I pre-coat them with grease. They never stick and can be pealed off without any effort. They never leak. I would never reuse a center case gasket, only because because if it did leak, it would be a pain to replace. But I reuse clutch gaskets, since they have easy access just in case it does leak. But they one thing I love about pre-coating them is the hour or so it takes to scrape a dried up old gasket. Instead, it only take one second to remove it. Plus you never have to worry about gouging the case and causing possible leak by doing that. Also I use a ton of grease. It works great, I just did it yesterday.

i never reused them ONLESS!!!!!!!!!!!!!! ive installed them and have not run the motor yet (exable like forgetting to install somthing in the motor or changing and engine cover cuz i found a better one)

one a motor is run for more the 5 mins ive noticed the gaskets start to stick and the hell with gasket sealer buy an etire gasket kit and fix it the right way so you dont have to fix it again.

Never reuse a head gasket and always buy the Honda OEM head gasket.

Never re-use a gasket except in case of EXTREME emergency! Your engine and your wallet will thank you.

thanks for the help crew, Socal i think i will be greasing my clutch cover gasket when i put it on, if nothing else for easier removal. I need to clean out the filter after a top end rebuild, if not several times. previous owner had a top end meltdown and there is alot of aluminum still floating around after 5-6 flushings and several with diesel. How effective is the rotary filter under the clutch cover gasket and has anyone found a way to place a finer mesh filter in the drain system?
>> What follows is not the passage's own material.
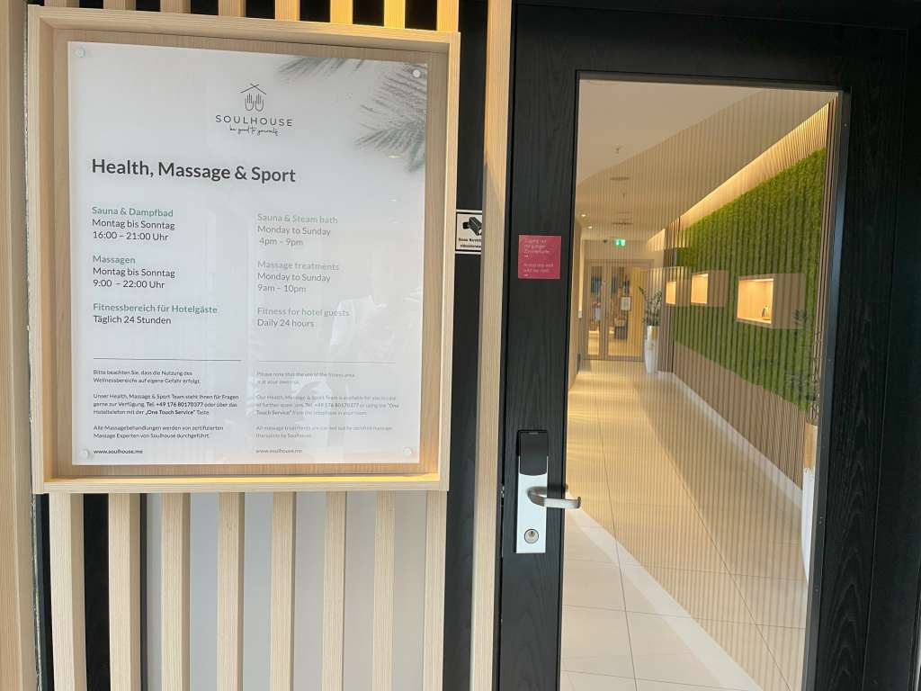Alles, was Ihr zum körperlichen Wohlbefinden unternehmen könnt, findet Ihr auf der zweiten Etage des Hotels. In einem voll ausgestatteten Spa – dem Botanical Spa Soulhouse – werden täglich von 9 bis 21 Uhr Massagen und Anwendungen angeboten. Während dieses Angebot kostenpflichtig ist, können Hotelgäste montags bis freitags zwischen 16 und 21 Uhr Sauna und Dampfbad nutzen. Das sind die Angaben von der Webseite. Am Eingang befindet sich ein Hinweis, dass die Einrichtung montags bis sonntags zu den genannten Zeiten geöffnet ist. Als Ruhebereich dient auch eine Panoramaterrasse.

I knew this would cause a fuss. But a gasket does one thing and one thing only. It allows you to put two parts together without having any oil leak out. That's it, plain and simple. So if you have something like a clutch cover gasket and you reuse use the gasket and it doesn't leak, then you're good to go. It's not like re-using a gasket on a freaking Boeing 737 or F18. It's a XR100. Our custom copper head gaskets last a life time. You just heat it up with a torch then put it cold water and it's good to go again. We've been using some of them for over 10 years. The only one I wouldn't do is the center case gasket for obvious reasons and the base gaskets as well. I re-use the manifold gasket without any air leaks, and the TTR ignition cover gasket without any oil leaks. And even if it did leak, which I have yet to have happen, it would only seep out and then you just put another one on. With as many motors as I have, I spend hundreds of dollars on gaskets a year anyway. Now I know some people might get bent out of shape by this, but I don't worry about how other people do their motors and people shouldn't worry about mine. Besides my motors are still fast.

I knew this would cause a fuss. But a gasket does one thing and one thing only. It allows you to put two parts together without having any oil leak out. That's it, plain and simple. So if you have something like a clutch cover gasket and you reuse use the gasket and it doesn't leak, then you're good to go. It's not like re-using a gasket on a freaking Boeing 737 or F18. It's a XR100. Our custom copper head gaskets last a life time. You just heat it up with a torch then put it cold water and it's good to go again. We've been using some of them for over 10 years. The only one I wouldn't do is the center case gasket for obvious reasons and the base gaskets as well. I re-use the manifold gasket without any air leaks, and the TTR ignition cover gasket without any oil leaks. And even if it did leak, which I have yet to have happen, it would only seep out and then you just put another one on. With as many motors as I have, I spend hundreds of dollars on gaskets a year anyway. Now I know some people might get bent out of shape by this, but I don't worry about how other people do their motors and people shouldn't worry about mine. Besides my motors are still fast.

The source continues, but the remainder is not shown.